▶ Given records

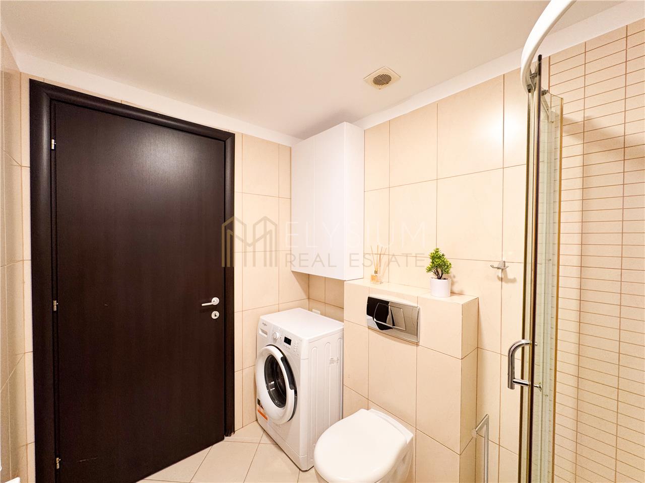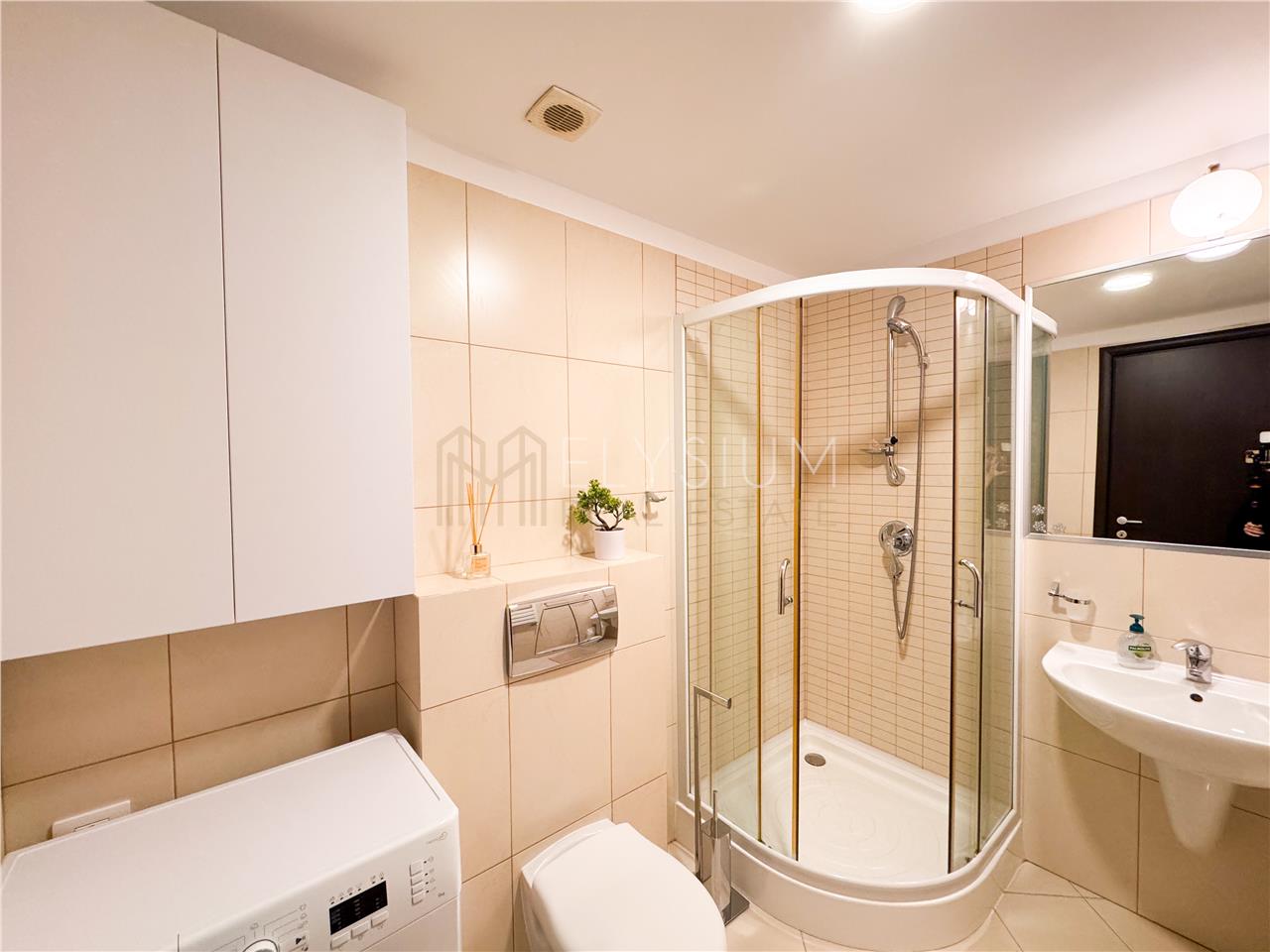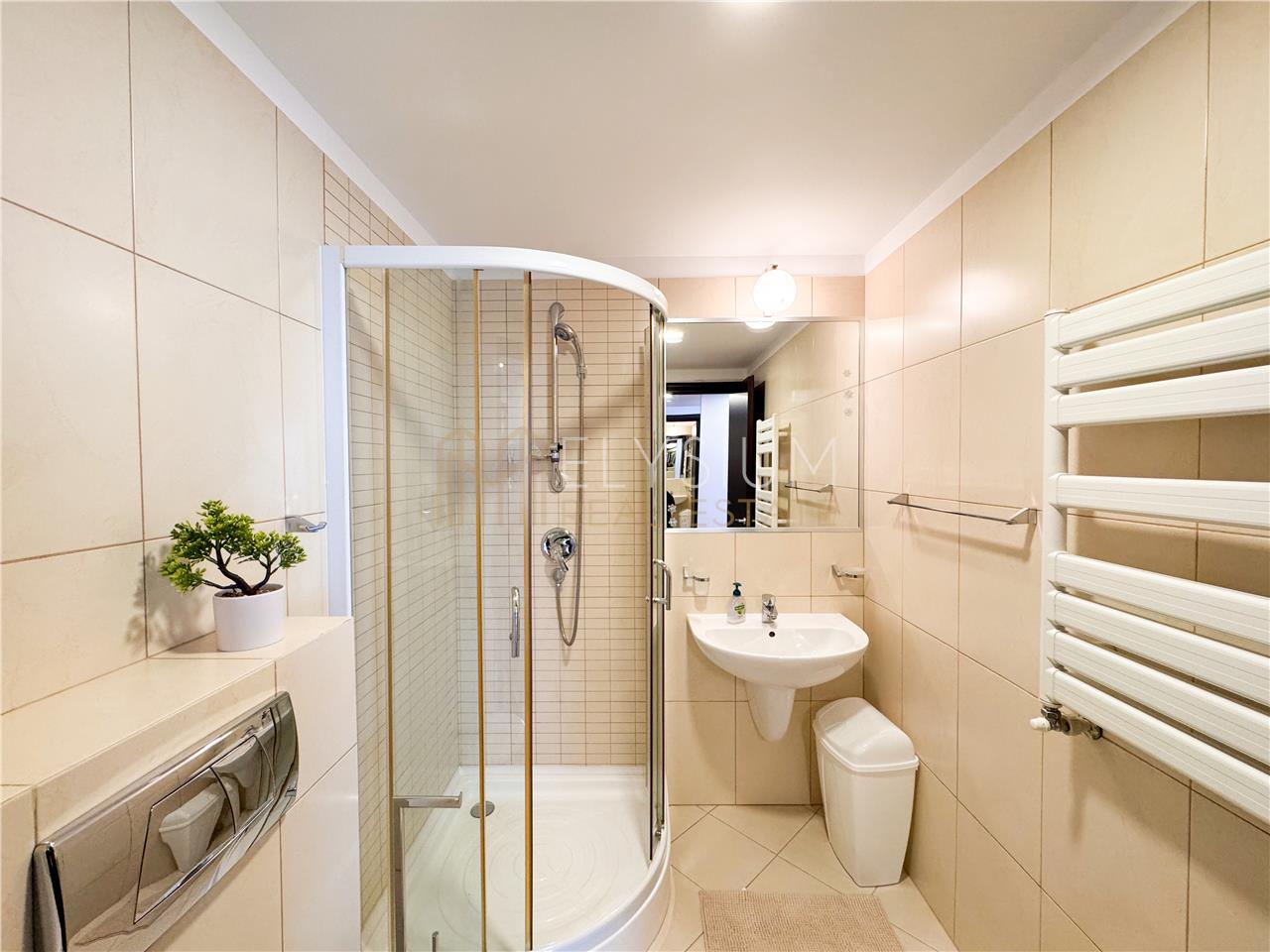 - The apartment's second bathroom is equipped with a modern shower cabin, sink, toilet, and cleverly integrated storage space. Its contemporary design and high-quality finishes ensure a practical and aesthetically pleasing environment.
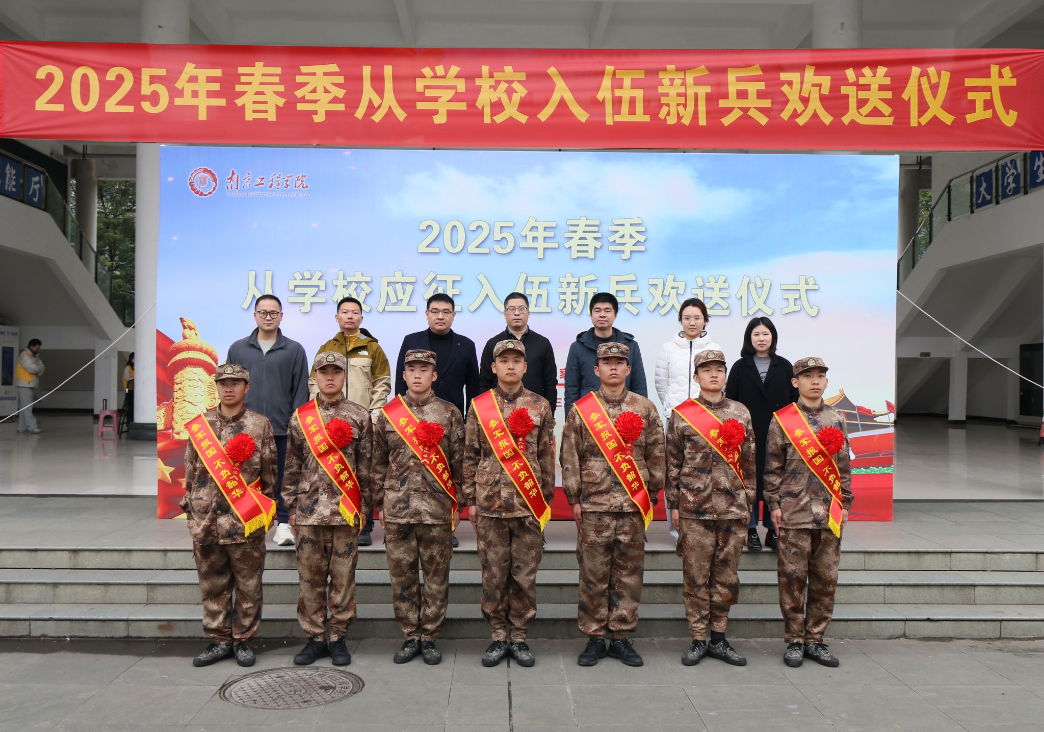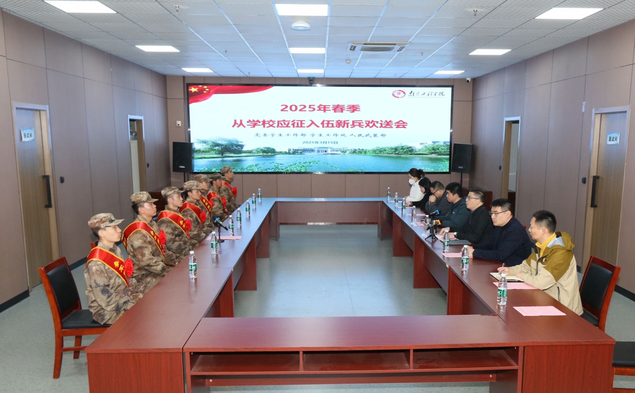 3月15日上午,人民武装部举行2025年春季从学校应征入伍新兵欢送仪式,7名新兵身着戎装、胸戴红花,踏上军营征程。从学校应征入伍新兵及其所在学院学生工作负责人、辅导员,人民武装部全体工作人员参加欢送仪式。
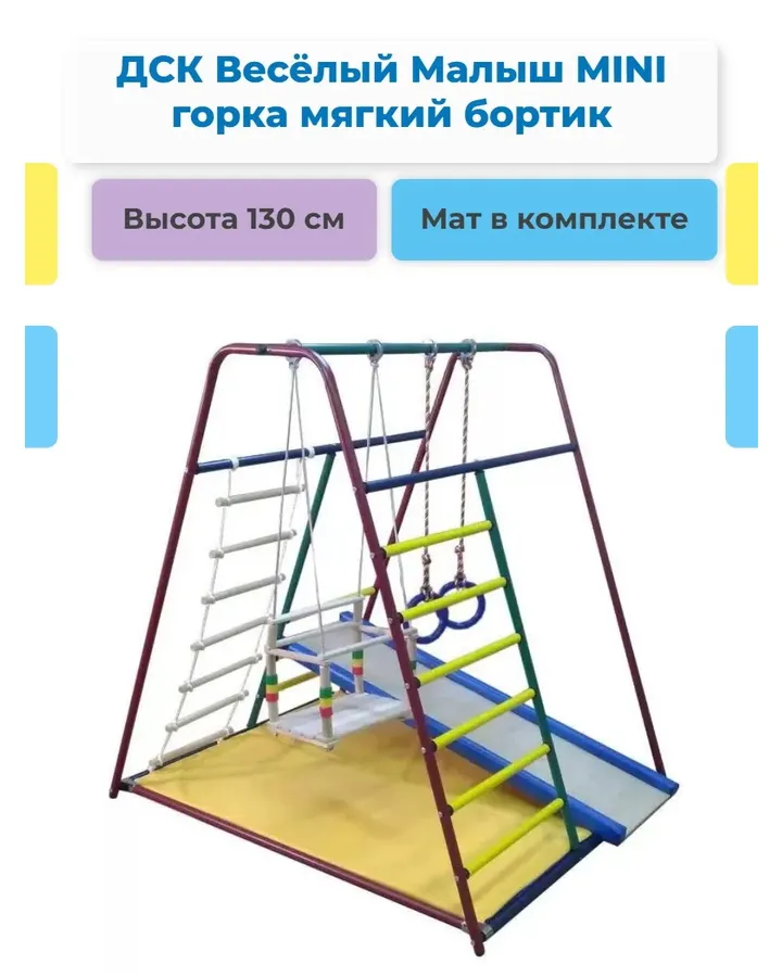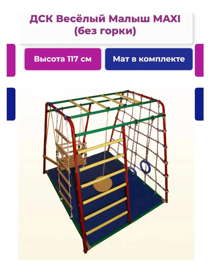 Классный спорт уголок для нашего малыша (сыну 2 года, подарили на д. р. 🙂) Качественные материалы, яркие краски, собирается быстро, все отверстия совпали. Сын осваивает вертикальный подъём, очень зашла горка, поднимается по ней и спускается и передом и задом 🙂 А благодаря тому что она легко снимается мы ставим её куда угодно (и к дивану и к его кроватке, он по ней с удовольствием поднимается и спускается). Рекомендую однозначно, товар превзошёл все мои ожидания.
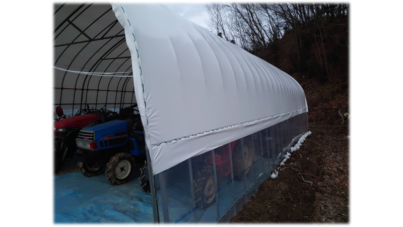 自社で実験している倉庫、車庫ハウスですが、積雪や暴風にも耐え高い耐久性を証明しています。
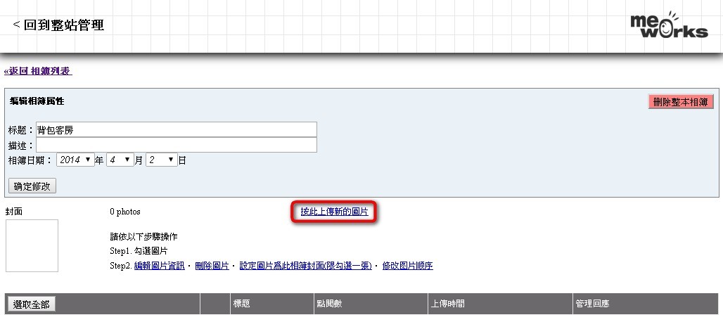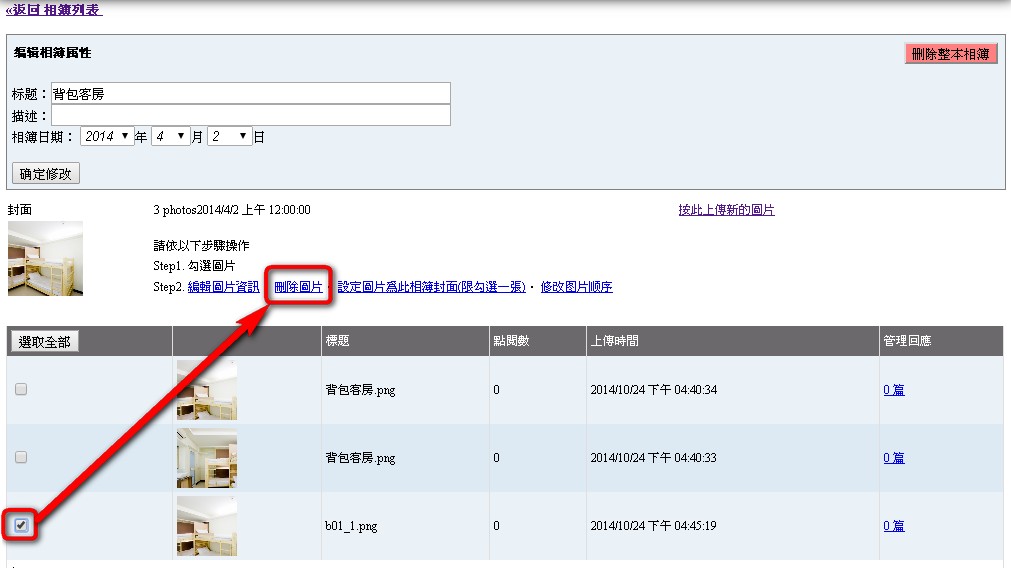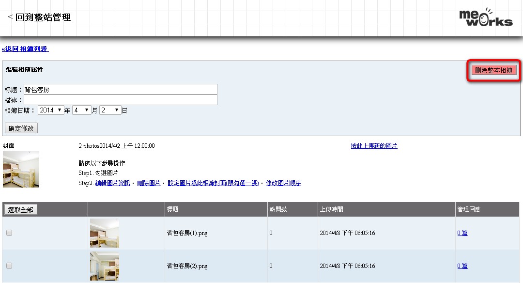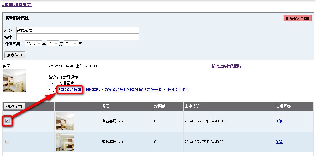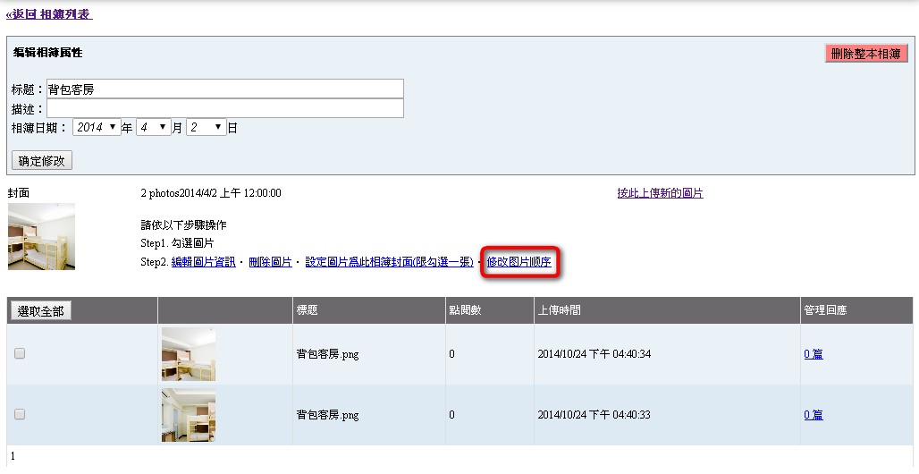 (三) 編輯相簿:選擇相簿後,可進入編輯圖片資訊、設定相簿封面、修改圖片順序、刪除圖片
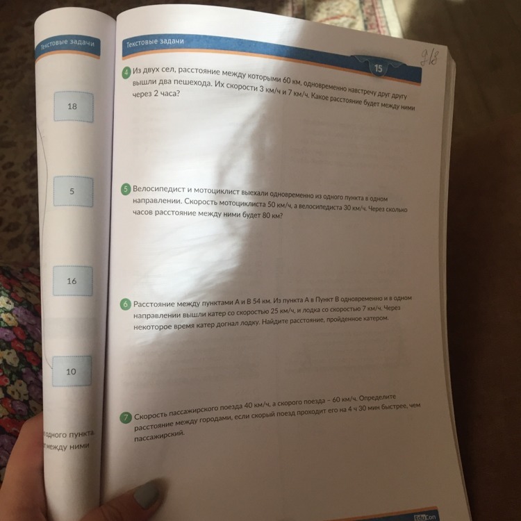 Также непонятно, почему было удалено решение по задаче №7. Решение было предложено такое 60(t-4.5)=40t ; 20t=270; t=13.5ч; S=40*13.5=540км

▶ Required action
Each line from the one that holds "(三) 編輯相簿:選擇相簿後" through the final line of the data must be retyped exactly; the pictures must not appear.

▶ Answer section
 (三) 編輯相簿:選擇相簿後,可進入編輯圖片資訊、設定相簿封面、修改圖片順序、刪除圖片
 Также непонятно, почему было удалено решение по задаче №7. Решение было предложено такое 60(t-4.5)=40t ; 20t=270; t=13.5ч; S=40*13.5=540км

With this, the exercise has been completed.